Md Afzal Hossain | SOC 712 | Home Work: 2
Cancer Death Rate Amoung Different Age and Race in 2013
For our assignment, we will explore cancer 2013 data that originates from the Centers for Disease Control and Prevention (CDC) and the Centers for Medicare & Medicaid Services (CMS). This Data Sets provide information about death rates due to different types of cancers on the U.S county and state level. We are mainly interested in total death from cancer amoung young and old people and different Race. For our Purpose we define \(YOUNG\) as age between 18 to 44 and \(OLD\) age between 45 to 64 .
Import our \(CSV\) data and look at our imported data
library(readr)
cancer_df<- read_csv("C:/Users/Afzal Hossain/Documents/A.Spring 2019/SOC 712/HW/hw2/R12021551_SL040.csv",col_names = TRUE)

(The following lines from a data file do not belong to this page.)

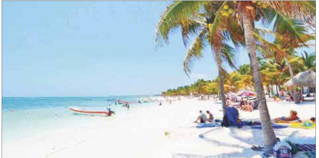
Con el tema de sustentabilidad y una audiencia de 6.009,560 llegó a su fin la Tercera Twitter Party #DisfrutoCaribeMX en Snorkel Native Park.
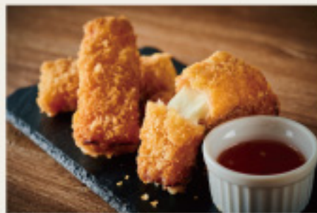
Mozzarella cheese & jamon serrano frit モッツァレラチーズの 生ハムフリット
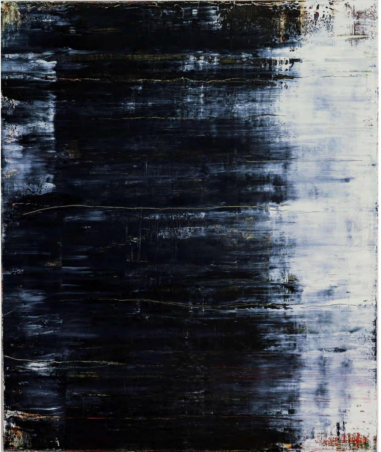
Guido Lötscher: Nr. 1309 untitled / Oil on canvas, 120 x 100 cm, 2021
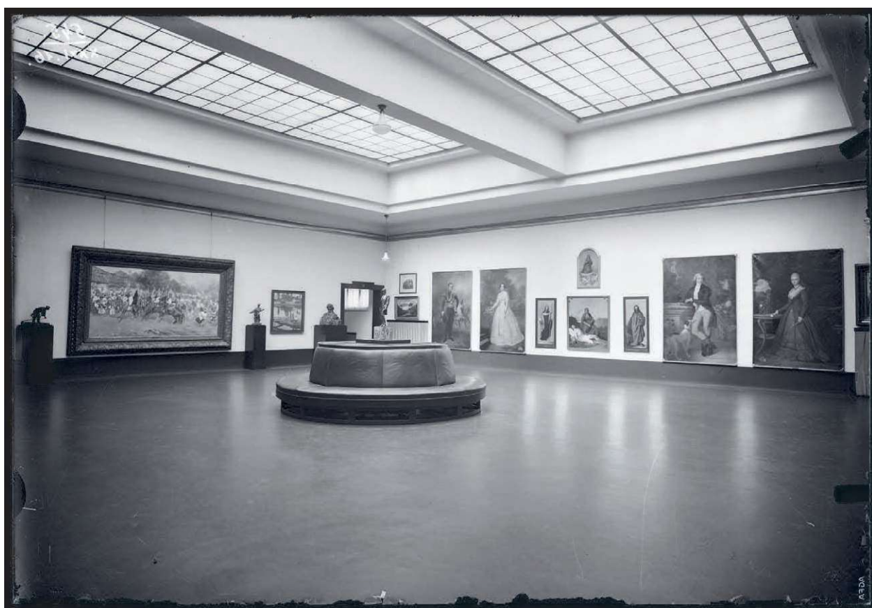
Obr. 8 Pohled do stálé expozice obrazárny. Brno, 1930–1935(?), negativ, 130 × 180 mm. Archiv MG, FOMZM I, sbírka negativů, inv. č. N545
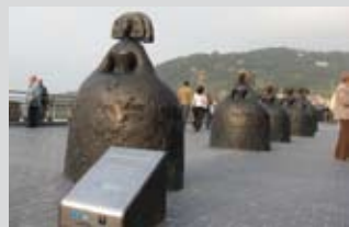
Manolo Valdés à Madrid

Le Vaisseau de Pierre vous invite au vernissage de l'exposition ESCALE 2009 qui aura lieu vendredi 9 octobre prochain à la salle Sanoki d'ITXASSOU (près du fronton) à partir de 18h30. Bien à vous. Pr Harriarka.Isa d'Amorots.
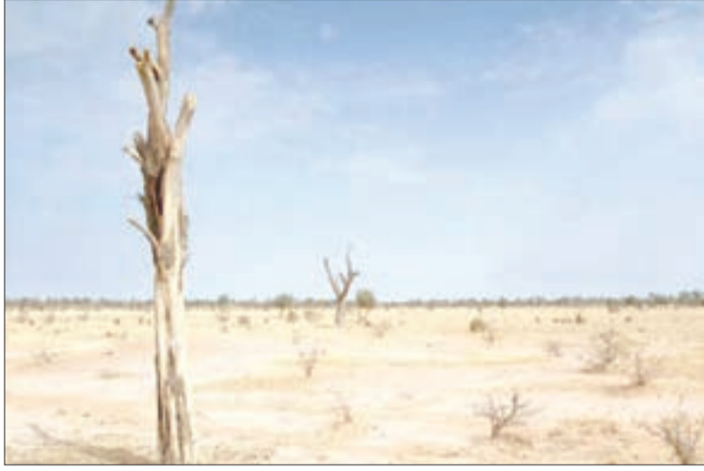
إعداد دراسة تقنية حول التكيف مع التغيرات المناخية

شكل ملف القضاء على ظاهرة التصحر، محور تدخلات أعضاء المجلس الشعبي لولاية سيدي بلعباس، في دورته الرابعة المنعقدة مؤخرًا، بقاعة المداولات بمقر الولاية، بسبب استفحال هذه الظاهرة، بعد أن أصبح زحف الرمال، يهدد الغطاء الغابي بالمناطق الجنوبية، في ظل فشل حملات التشجير المنظمة دوريًا، بسبب غياب المتابعة بحسب ما أجمع عليه الأعضاء المنتخبون ضمن تدخلاتهم.
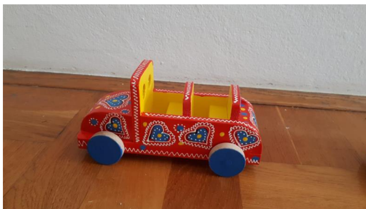
Slika 13. Drveni auto

Životinje su jedan od omiljenih drvenih predmeta među djecom. Prva drvena životinja koja je nastala bio je konj. Od jednostavnog konja obojenog u dvije boje (crna i bijela), danas imamo igračke koje na sebi imaju dodatke kao što su griva i konjski rep od tkanine, kočije, sedla te manje i veće figurice konja. Njihova specifična boja je crna sa bijelim, no možemo ih naći i u bijeloj, plavoj ili crvenoj boji. Istoj skupini sa životinjama pripadaju i prijevozna sredstva. U počecima su to bila kola uz konje. Uz vrevu gradskog i suvremenog prijevoza, počinju se izrađivati i druga prijevozna sredstva kao što su vlakovi, avioni, traktori, kao i dodaci na prijevozna sredstva kao što su vagoni ili prikolice (Župančić, 2008). Na slikama 12., 13. i 14. prikazane su igračke drvenih životinja i prijevoznih sredstava.
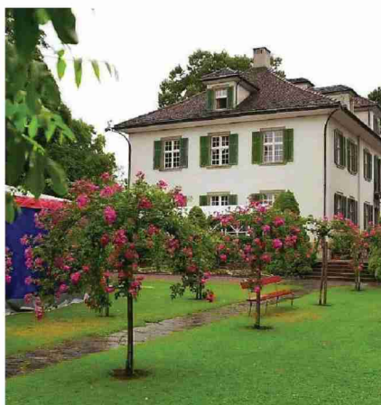
Das Pestalozzianum am Beckenhof mit einer Bibliothek von 138 000 Titeln.
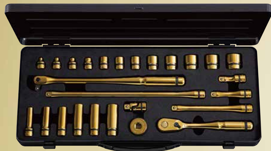
nepros 9.5sq.ソケットレンチセット iPゴールド [26点] No.NTB3X26AZGL 標準小売価格 ¥83,900 セット内容／[iPゴールド仕様]9.5sq.ソケット(六角)、9.5sq.ディープソケット(六角)、9.5sq.ラ チェットハンドル、9.5sq.スピナハンドル、9.5sq.エクステンションバー、9.5sq.クイックスピン ナ、9.5sq.ユニバーサルジョイント／[ツールケース]片開きメタルケース(NEKB-2)

充実の入組から厳選された入組の5タイプで、 iPゴールドの輝きを様々なシーンで体験できる9.5sq.ツールセット。
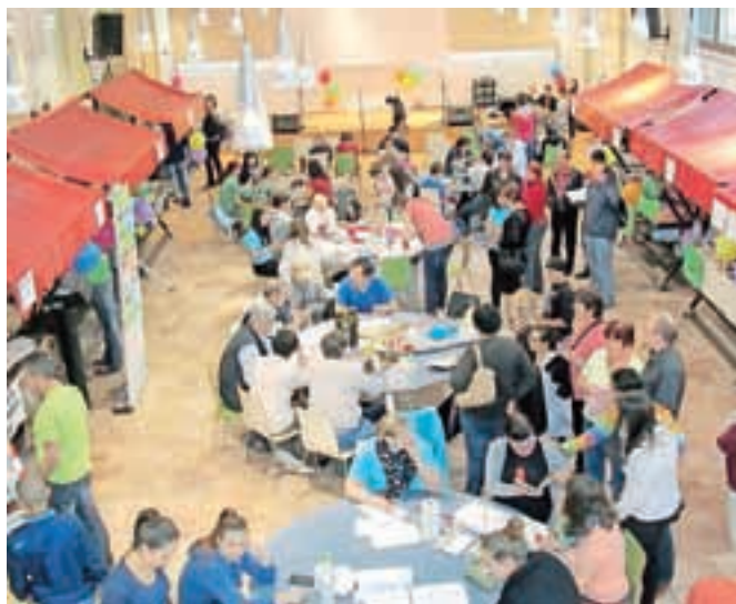
Vrvež v Kolpernu na Paradi učenja 2015

Osrednji dogodek letošnjega Tedna vseživljenjskega učenja na Jesenicah je bila tudi letos Parada učenja, tokrat že četrta zapored, ki pa zaradi slabega vremena prvič ni potekala na trgu na Stari Savi, temveč v Kolpernu. Na stojnicah so se predstavljale različne ustanove in društva, potekale so različne delavnice, od izdelovanja torbic iz recikliranega materiala in terapevtskih žogic iz starih nogavic, copatk ter cofastih pošasti do delavnice kaligrafije, igre križemkrazem ... Predstavili

head(cancer_df)Let’s Keep only the Variables that we are interested.
library(dplyr)
Cancer_18_to_64_Death<-select(cancer_df,"Name of Area" ,"Total Cancer Deaths (18 to 44 Years, Rate per 100,000 Population, 2007-2013)","Total Cancer Deaths (45 to 64 Years, Rate per 100,000 Population, 2007-2013)","Total Cancer Deaths (18 to 44 Years, 2007-2013)" : "Total Cancer Deaths (18 to 44 Years American Indian or Alaska Native, 2007-2013)","Total Cancer Deaths (45 to 64 Years, 2007-2013)":"Total Cancer Deaths (45 to 64 Years American Indian or Alaska Native, 2007-2013)")
names(Cancer_18_to_64_Death) [1] "Name of Area"
[2] "Total Cancer Deaths (18 to 44 Years, Rate per 100,000 Population, 2007-2013)"
[3] "Total Cancer Deaths (45 to 64 Years, Rate per 100,000 Population, 2007-2013)"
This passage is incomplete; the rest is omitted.